Thinking with Camera: A Unified Multimodal Model for Camera-Centric Understanding and Generation

ICLR 2026 Conference SubmissionAnonymous Authors
Unified Multimodal ModelSpatial IntelligenceControllable GenerationCamera Calibration
Abstract:

Camera-centric understanding and generation are two cornerstones of spatial intelligence, yet they are typically studied in isolation. We present Puffin, a unified camera-centric multimodal model that extends spatial awareness along the camera dimension. Puffin integrates language regression and diffusion-based generation to interpret and create scenes from arbitrary viewpoints. To bridge the modality gap between cameras and vision-language, we introduce a novel paradigm that treats camera as language, enabling thinking with camera. This guides the model to align spatially grounded visual cues with photographic terminology while reasoning across geometric context. Puffin is trained on Puffin-4M, a large-scale dataset of 4 million vision-language-camera triplets. We incorporate both global camera parameters and pixel-wise camera maps, yielding flexible and reliable spatial generation. Experiments demonstrate Puffin’s superior performance over specialized models for camera-centric generation and understanding. With instruction tuning, Puffin generalizes to diverse cross-view tasks such as spatial imagination, world exploration, and photography guidance. We will release the code, models, dataset pipeline, and benchmark to advance multimodal spatial intelligence research.

Disclaimer
This report is AI-GENERATED using Large Language Models and WisPaper (A scholar search engine). It analyzes academic papers' tasks and contributions against retrieved prior work. While this system identifies POTENTIAL overlaps and novel directions, ITS COVERAGE IS NOT EXHAUSTIVE AND JUDGMENTS ARE APPROXIMATE. These results are intended to assist human reviewers and SHOULD NOT be relied upon as a definitive verdict on novelty.
NOTE that some papers exist in multiple, slightly different versions (e.g., with different titles or URLs). The system may retrieve several versions of the same underlying work. The current automated pipeline does not reliably align or distinguish these cases, so human reviewers will need to disambiguate them manually.
If you have any questions, please contact: mingzhang23@m.fudan.edu.cn

Overview

Overall Novelty Assessment

Puffin proposes a unified camera-centric multimodal model that jointly performs understanding and generation tasks conditioned on camera parameters. Within the taxonomy, it resides in the 'Unified Camera-Centric Multimodal Models' leaf under 'Camera-Aware Perception and Reasoning'. This leaf contains only three papers total, including Puffin itself, indicating a relatively sparse and emerging research direction. The sibling works—Agent3D Zero and MVLLaVA—focus on embodied navigation and multi-view visual question answering respectively, whereas Puffin emphasizes broader integration of camera control with vision-language architectures for both perception and generation.
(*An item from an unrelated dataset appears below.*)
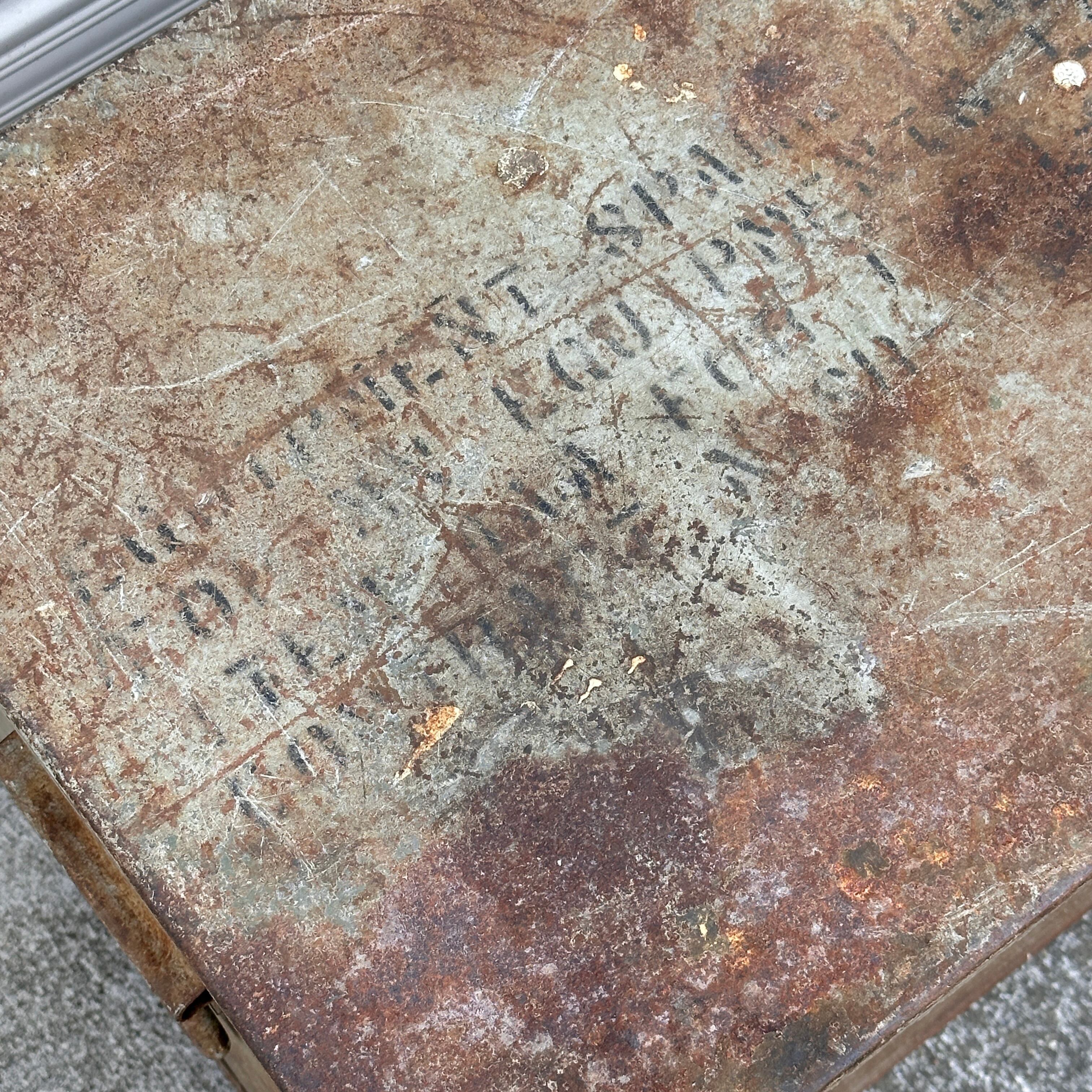 最大の見どころは、蓋の表面に残された当時のステンシル印字(刻印)です。経年によりかすれていますが、ニューヨークの製造メーカー「AIR KING PRODUCTS CO. INC」や、米軍の主要サプライヤーである「HAZELTINE ELECTRONICS CORP」の名称、そして「MODEL BL-6」用の装備品スペアパーツ(EQUIPMENT SPARE PARTS)であったことが確認できます。ニューヨーク州ブルックリンで製造され、実際に戦地や基地で任務を支えてきた「歴史の証人」とも言える貴重な一点物です。

The taxonomy reveals that most camera-centric work concentrates on synthesis tasks (Novel View Synthesis, Dynamic Scene View Synthesis, Scene-Level Generation) or specialized modalities (panoramic, event-based rendering). Camera-Aware Perception and Reasoning is a smaller branch with only two leaf nodes: Camera-Conditioned Semantic Understanding (two papers on segmentation) and Unified Camera-Centric Multimodal Models (three papers). Puffin's positioning suggests it bridges perception-focused methods and generative approaches, diverging from purely synthesis-oriented branches by incorporating explicit reasoning over camera parameters within a multimodal framework. The taxonomy's scope and exclude notes clarify that Puffin's unified architecture distinguishes it from single-task models in neighboring leaves.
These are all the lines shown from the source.